Hand Surgeons Must Help

By James E. Clune, MD

When we think of conservation in the operating room, time is our commodity. We try to limit turnover between cases, we make sure consents and equipment lists are ready at the time of the booking. During the procedure we limit the amount of excess motion in our hands and only use fluoro at the critical moments. The goal is to perform an exacting and successful procedure in a safe and timely fashion. I rarely have considered the physical waste we produce in the OR.

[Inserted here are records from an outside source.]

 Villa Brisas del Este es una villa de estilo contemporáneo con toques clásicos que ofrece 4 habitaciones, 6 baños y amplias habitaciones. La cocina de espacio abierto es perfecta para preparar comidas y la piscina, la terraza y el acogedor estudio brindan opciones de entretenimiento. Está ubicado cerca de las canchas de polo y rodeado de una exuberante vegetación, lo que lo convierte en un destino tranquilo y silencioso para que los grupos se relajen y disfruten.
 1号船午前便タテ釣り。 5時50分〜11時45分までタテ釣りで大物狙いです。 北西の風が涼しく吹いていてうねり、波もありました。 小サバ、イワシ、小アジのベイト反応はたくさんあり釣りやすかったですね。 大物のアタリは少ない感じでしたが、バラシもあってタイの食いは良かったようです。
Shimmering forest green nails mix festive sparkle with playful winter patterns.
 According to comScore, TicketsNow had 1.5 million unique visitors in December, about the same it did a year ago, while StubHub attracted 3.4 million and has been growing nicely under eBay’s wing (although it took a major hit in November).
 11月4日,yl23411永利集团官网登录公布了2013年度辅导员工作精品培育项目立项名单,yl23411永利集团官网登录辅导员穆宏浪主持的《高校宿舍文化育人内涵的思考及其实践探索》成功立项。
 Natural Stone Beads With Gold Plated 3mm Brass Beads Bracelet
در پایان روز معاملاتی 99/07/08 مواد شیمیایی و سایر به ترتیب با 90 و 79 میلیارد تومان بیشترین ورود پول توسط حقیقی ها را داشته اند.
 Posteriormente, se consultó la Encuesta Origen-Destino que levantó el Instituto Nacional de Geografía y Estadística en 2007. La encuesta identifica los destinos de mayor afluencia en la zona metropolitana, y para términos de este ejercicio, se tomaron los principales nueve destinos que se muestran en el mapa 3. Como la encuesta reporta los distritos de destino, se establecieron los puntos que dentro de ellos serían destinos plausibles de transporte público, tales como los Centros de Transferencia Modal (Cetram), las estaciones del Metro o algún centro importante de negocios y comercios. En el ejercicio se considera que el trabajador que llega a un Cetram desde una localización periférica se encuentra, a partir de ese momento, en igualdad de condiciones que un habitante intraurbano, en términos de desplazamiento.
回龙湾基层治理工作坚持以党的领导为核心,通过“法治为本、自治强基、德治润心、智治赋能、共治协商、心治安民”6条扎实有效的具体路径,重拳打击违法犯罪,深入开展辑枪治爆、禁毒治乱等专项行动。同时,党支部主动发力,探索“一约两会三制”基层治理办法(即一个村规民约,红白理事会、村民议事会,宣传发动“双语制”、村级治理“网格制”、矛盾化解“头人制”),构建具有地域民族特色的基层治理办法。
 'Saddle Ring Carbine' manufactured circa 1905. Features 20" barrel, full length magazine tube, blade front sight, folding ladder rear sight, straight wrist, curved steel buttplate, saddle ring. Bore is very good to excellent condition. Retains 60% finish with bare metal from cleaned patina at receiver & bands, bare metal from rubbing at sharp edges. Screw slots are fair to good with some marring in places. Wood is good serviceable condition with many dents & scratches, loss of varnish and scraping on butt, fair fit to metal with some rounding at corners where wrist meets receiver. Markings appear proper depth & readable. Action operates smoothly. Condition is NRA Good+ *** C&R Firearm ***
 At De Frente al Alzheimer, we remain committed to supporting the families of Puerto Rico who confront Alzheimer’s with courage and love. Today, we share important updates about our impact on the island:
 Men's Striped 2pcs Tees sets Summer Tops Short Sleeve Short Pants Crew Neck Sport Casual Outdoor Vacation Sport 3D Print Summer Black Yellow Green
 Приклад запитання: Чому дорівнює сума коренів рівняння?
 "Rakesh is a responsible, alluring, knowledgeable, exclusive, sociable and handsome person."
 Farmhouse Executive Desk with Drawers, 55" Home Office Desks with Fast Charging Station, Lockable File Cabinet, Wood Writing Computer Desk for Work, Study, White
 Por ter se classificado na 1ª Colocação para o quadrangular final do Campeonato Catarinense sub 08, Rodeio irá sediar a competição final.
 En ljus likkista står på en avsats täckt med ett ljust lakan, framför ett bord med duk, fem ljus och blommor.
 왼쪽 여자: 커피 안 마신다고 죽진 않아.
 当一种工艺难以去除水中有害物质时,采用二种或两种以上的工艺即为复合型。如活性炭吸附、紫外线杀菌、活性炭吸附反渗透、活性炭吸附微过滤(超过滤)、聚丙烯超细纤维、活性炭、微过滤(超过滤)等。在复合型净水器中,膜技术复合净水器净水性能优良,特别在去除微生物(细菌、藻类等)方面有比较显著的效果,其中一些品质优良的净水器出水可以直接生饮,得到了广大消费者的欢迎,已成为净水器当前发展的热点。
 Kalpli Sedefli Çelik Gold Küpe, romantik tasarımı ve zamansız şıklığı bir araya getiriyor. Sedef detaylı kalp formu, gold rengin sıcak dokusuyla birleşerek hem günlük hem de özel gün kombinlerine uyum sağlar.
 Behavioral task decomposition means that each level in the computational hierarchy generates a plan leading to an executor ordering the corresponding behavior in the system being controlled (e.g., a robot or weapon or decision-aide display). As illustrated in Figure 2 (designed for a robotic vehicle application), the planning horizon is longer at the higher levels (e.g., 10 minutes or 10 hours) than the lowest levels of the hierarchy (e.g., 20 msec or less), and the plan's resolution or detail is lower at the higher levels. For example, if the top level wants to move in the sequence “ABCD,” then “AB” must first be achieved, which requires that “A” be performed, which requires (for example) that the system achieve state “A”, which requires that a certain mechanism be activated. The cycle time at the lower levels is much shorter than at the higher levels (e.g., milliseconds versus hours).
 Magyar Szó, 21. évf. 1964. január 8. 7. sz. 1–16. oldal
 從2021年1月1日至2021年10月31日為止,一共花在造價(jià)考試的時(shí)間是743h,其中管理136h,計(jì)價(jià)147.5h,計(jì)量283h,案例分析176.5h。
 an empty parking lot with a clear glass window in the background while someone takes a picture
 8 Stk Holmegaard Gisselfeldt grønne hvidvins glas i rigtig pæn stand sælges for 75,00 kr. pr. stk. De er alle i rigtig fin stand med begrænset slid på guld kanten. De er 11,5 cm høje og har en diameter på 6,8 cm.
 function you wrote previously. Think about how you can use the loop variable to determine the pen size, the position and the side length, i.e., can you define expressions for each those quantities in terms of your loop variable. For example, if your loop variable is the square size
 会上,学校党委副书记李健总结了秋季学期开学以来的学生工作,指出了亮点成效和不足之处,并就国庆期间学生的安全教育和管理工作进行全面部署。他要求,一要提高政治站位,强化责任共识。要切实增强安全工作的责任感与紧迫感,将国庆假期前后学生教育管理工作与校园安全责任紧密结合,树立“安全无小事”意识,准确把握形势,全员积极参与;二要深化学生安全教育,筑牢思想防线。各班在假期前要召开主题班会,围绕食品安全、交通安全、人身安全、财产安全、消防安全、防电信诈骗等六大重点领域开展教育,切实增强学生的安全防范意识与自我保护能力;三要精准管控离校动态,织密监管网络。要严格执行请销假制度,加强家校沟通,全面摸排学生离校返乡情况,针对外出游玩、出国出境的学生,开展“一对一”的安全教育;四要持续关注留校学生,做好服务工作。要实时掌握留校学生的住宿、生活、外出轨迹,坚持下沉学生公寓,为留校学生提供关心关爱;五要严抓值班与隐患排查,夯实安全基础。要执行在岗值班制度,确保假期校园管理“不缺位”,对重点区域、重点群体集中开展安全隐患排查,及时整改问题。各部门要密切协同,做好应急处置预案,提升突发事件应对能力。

I normally have tunnel vision during a busy OR day while I focus purely on the patient and their outcome. I ignore the tangible waste from every case. The beard cover, the hat and shoe covers that I throw away every time I leave the OR to talk to a family. The heaping amount of drapes I use for a trigger finger all seem like they are just a requirement that I need to adhere to so as to keep my OR privileges. Every day it seems there is more and more equipment and supplies on the table in the OR next to me as the hand kits are “standardized” to accommodate all surgeons preferences in one tray.  A trend that was noted by our colleagues a few years ago.1

The intention of the hospitals to standardize how we dress and how we drape is noble in that the goal is to reduce surgical site infections. About 31% of hospital acquired infections are surgical site infections. Surgical site infections (SSIs) cost USD 3.3 Billion per year. The mortality rate of SSIs are about 3%. Over 1 million inpatient days are attributable to SSIs per year.3 However, increasing spending on drapes by a billion dollars does not seem to be an evidence-based approach to preventing infection. Seventy percent of the hospital waste in the Unites States comes from the OR. We can definitely do better.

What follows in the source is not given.